I was husked tonight, hollowed out, and ground to powder. The dry leaves of a barely ripened fruit ravished lies in agony beneath a blazing galaxy. I can feel the stars and their enormity, the light of a billion eons glaring down on my chest where patches of broken blood vessels advertise my shame. Cotton hides my disgrace from the universe. It knows why I did it. It knows why I had to.
I went to the stars once. I went in a paper shuttle all the way to that orbiting mass of celestial rock that circles our world. I roamed its craters on my father’s back as he lifted me higher and higher to the gleaming gods of the night. My hands trailed a comet as it sailed past, icy crystal streaming from its back. I went to the stars and brought back their dust for my mother. She didn’t notice it, though. Her eyes couldn’t see the billions of stars, only the billions of zeros on the mortgage statement.

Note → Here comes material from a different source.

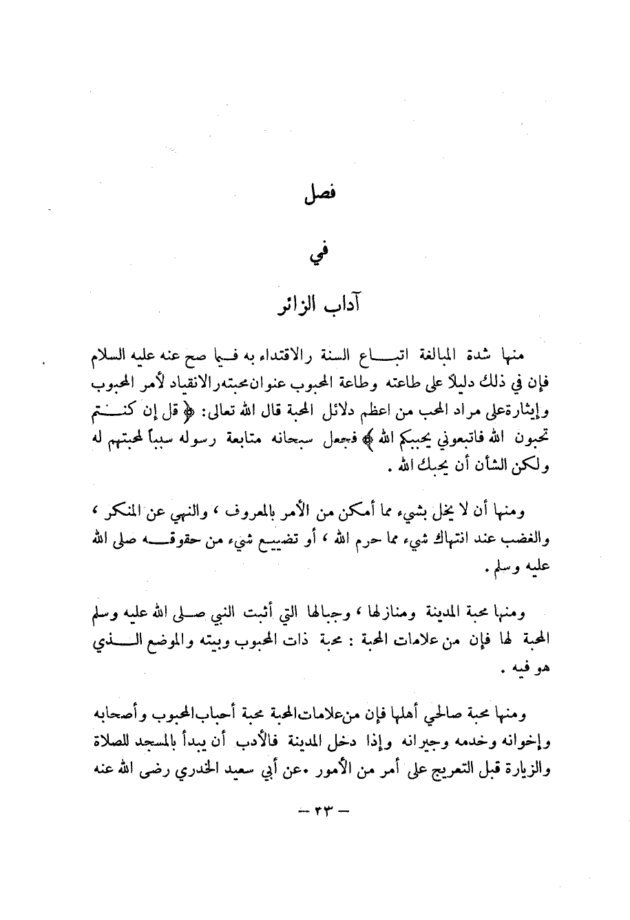منها شدة المبالغة اتباع السنة وا لاقتداء به فيما صح عنه عليه السلام فإن في ذلك دليلاً على طاعته وطاعة المحبوب عنوان محبته والانقياد لأمر المحبوب وإيثارة على مراد الحب من اعظم دلائل المحبة قال الله تعالى: (قل إن كنتم تحبون الله فاتبعوني يحببكم الله) فجعل سبحانه متابعة رسوله سبباً لمحبتهم له ولكن الشأن أن يحبك الله.

I went to the ocean, too. Thousands of times. Not the beach, people go to the beach every day. People come here for paradise, for sun, sand, and sea. My father took me underwater. He took me below to explore the lost city of Atlantis. I’ve touched the pebbly flesh of a manta ray as it soars through the cerulean clouds. I’ve battled the kraken with my plastic trident. I’ve scourged the mountains of silt for gold buried beneath the waves. I’ve revived what the hurricanes had killed and set the sun on the pirates’ hoard once more. On our last adventure, I brought a piece of eight for mother, but she didn’t notice. She only saw the red stain that the mermaid left on my father’s collar. Mother asked me about the mermaid, the mermaid who took my father through a door that read “Employees Only.” I would always go to the fountain when he went with the mermaid. At the fountain, I thought that I would be a child forever. But every time we went on an ocean adventure, I heard more and I wished my ears hadn’t grown so much. I’d splash the elixir of youth over them, but the moaning got louder every time. I told mother about the mermaid when I found out mermaids were just make-believe. That’s when the adventures with my father stopped.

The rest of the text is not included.